Pastors

My Secret Struggle

TEMPTATION

Over the years, LEADERSHIP has earned a reputation for addressing ministry issues realistically and redemptively. Occasionally that means tackling a taboo.

Seventeen years ago we published “The War Within,” an anonymous minister’s battle with lust and voyeurism. With its realistic depiction of sexual temptation, it quickly became one of our most controversial—and most requested—articles.

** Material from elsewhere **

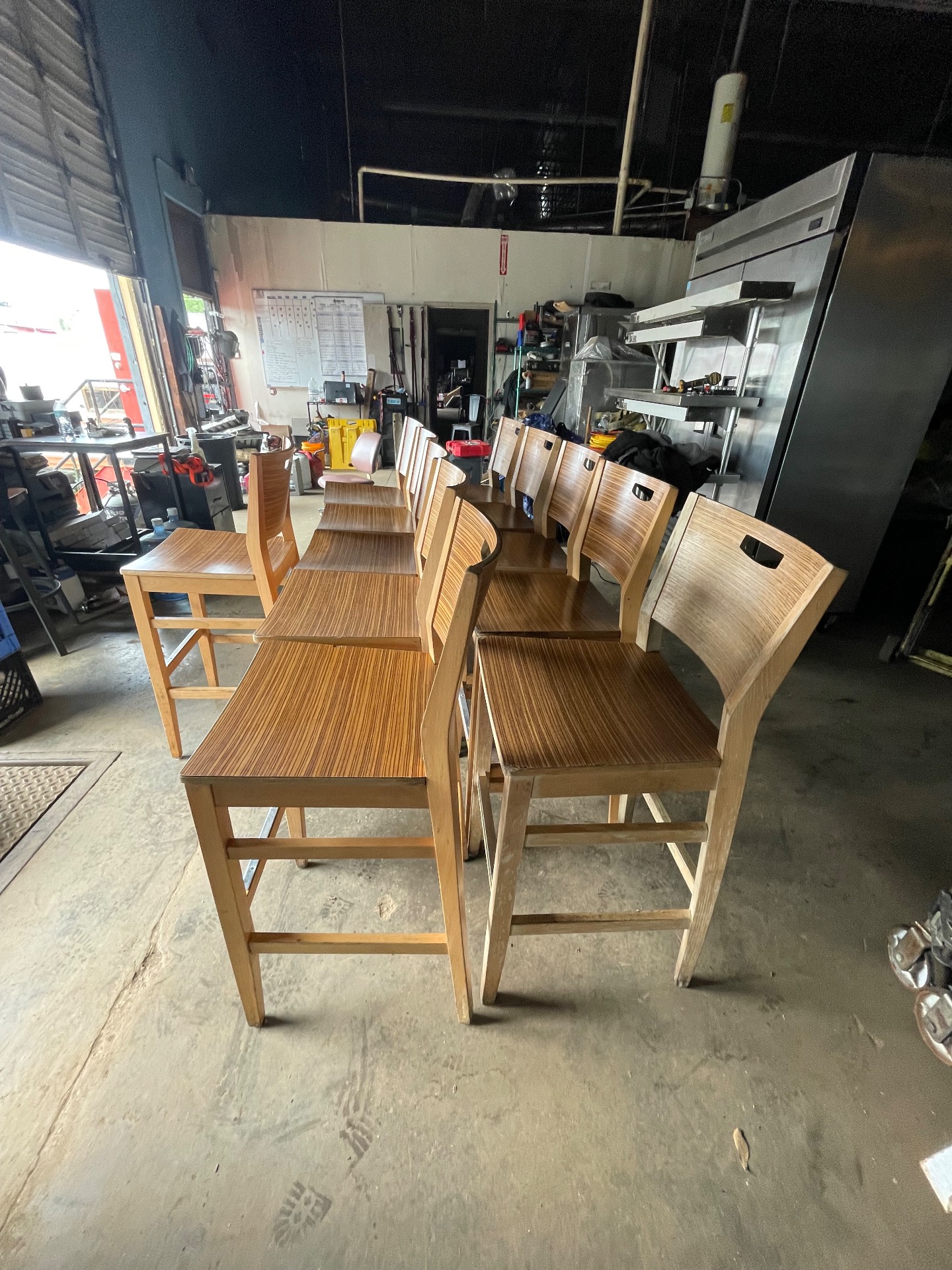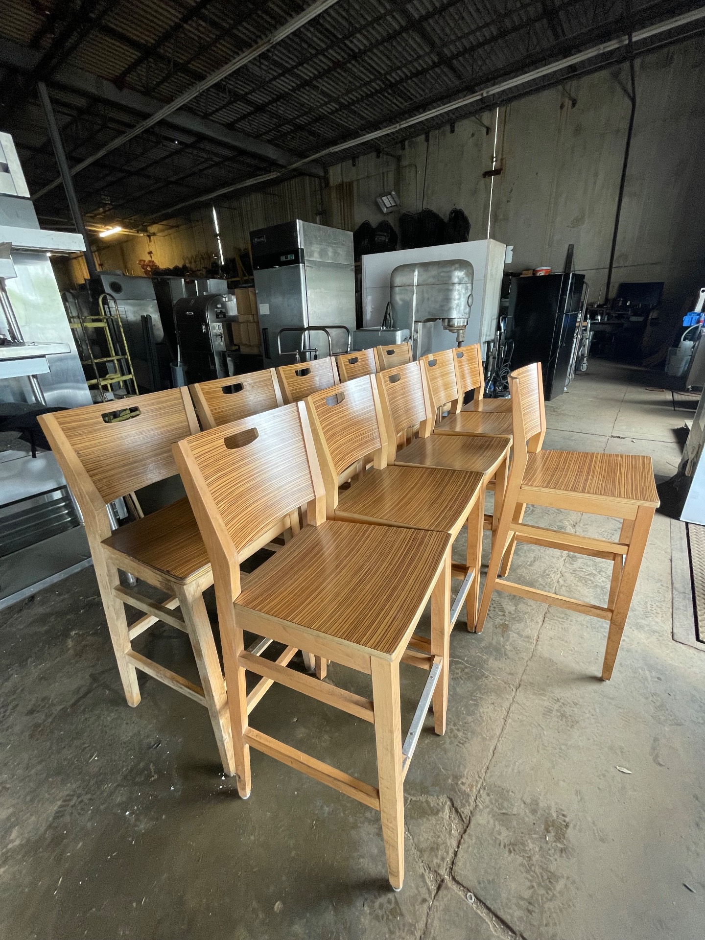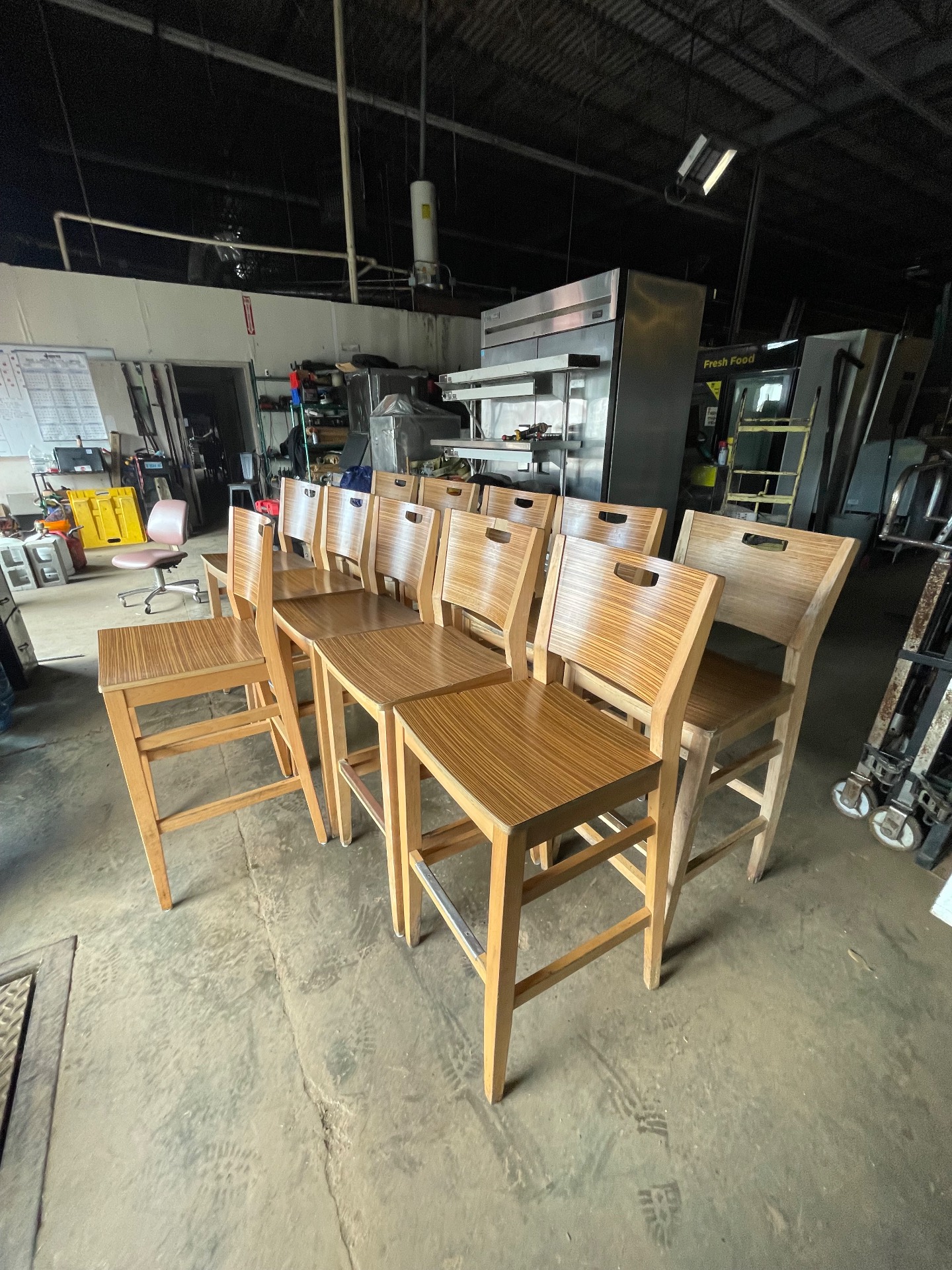 1. Equipment Name Plymold commercial wooden chair set 2. Key Features - Brand: Plymold (manufacturer-provided) - Commercial wooden chairs with durable laminated surfaces (technician notes) - Built for regular use in foodservice or high-traffic seating areas 3. Condition Good - Minor Wear Technician notes: "Set of Plymold commercial wooden chairs with durable laminated surfaces. Items show slight wear consistent with use." No structural damage reported. Model not confirmed. 4. Ideal Use Cases - Restaurants, cafes and bistros - Bar seating and lounge areas - Break rooms, meeting rooms, event rental inventory - Waiting areas and reception seating 5. Pickup Information Available for pickup at Warehouse A. Buyer responsible for removal and transport. Please bring appropriate vehicle or arrange delivery—no delivery included. 6. Contact Call-To-Action Serious inquiries welcome. Message for details, additional photos, or to schedule a viewing. Available for pickup.

Nearly two decades later, sexual temptations in various forms continue to plague those in ministry. The following is one pastor’s lengthy struggle to overcome homosexual thoughts and desires. Like “The War Within,” this is a straightforward account of a sensitive subject, but we believe its publication could be a first step in helping other Christian leaders who are privately facing a similar struggle.

Some days the urge to fantasize wasn’t so bad. I’d be engrossed in my work, and the thoughts wouldn’t even enter my head. Those were the times that I loved being a pastor. I relished the privilege of reaching out to others and sensed that God used me to touch hurting lives.

But other days it took all I had to stay focused on ministry. The feelings would creep into my mind, stirred up by a muscular physique on the street or a handsome face in a restaurant. I’d pray and try to quash the thoughts right there, but often they grew too great, too pleasurable. Those were the times I hated being a pastor. I despised the lie I was living.

My life and ministry were a tangled mess. On the surface I was a respected church leader, married to a beautiful woman, with a wonderful family. Inside, I was an entirely different person, consumed by homosexual desires.

Sunday mornings were particularly distressing. How does a so-called man of God enter the pulpit and preach with integrity and conviction about becoming a new creation when his own life feels so stained and hopeless? Often I would gaze over the congregation and think, If only you people knew what I was really like, what I struggle with every day, the kinds of thoughts I entertained this week …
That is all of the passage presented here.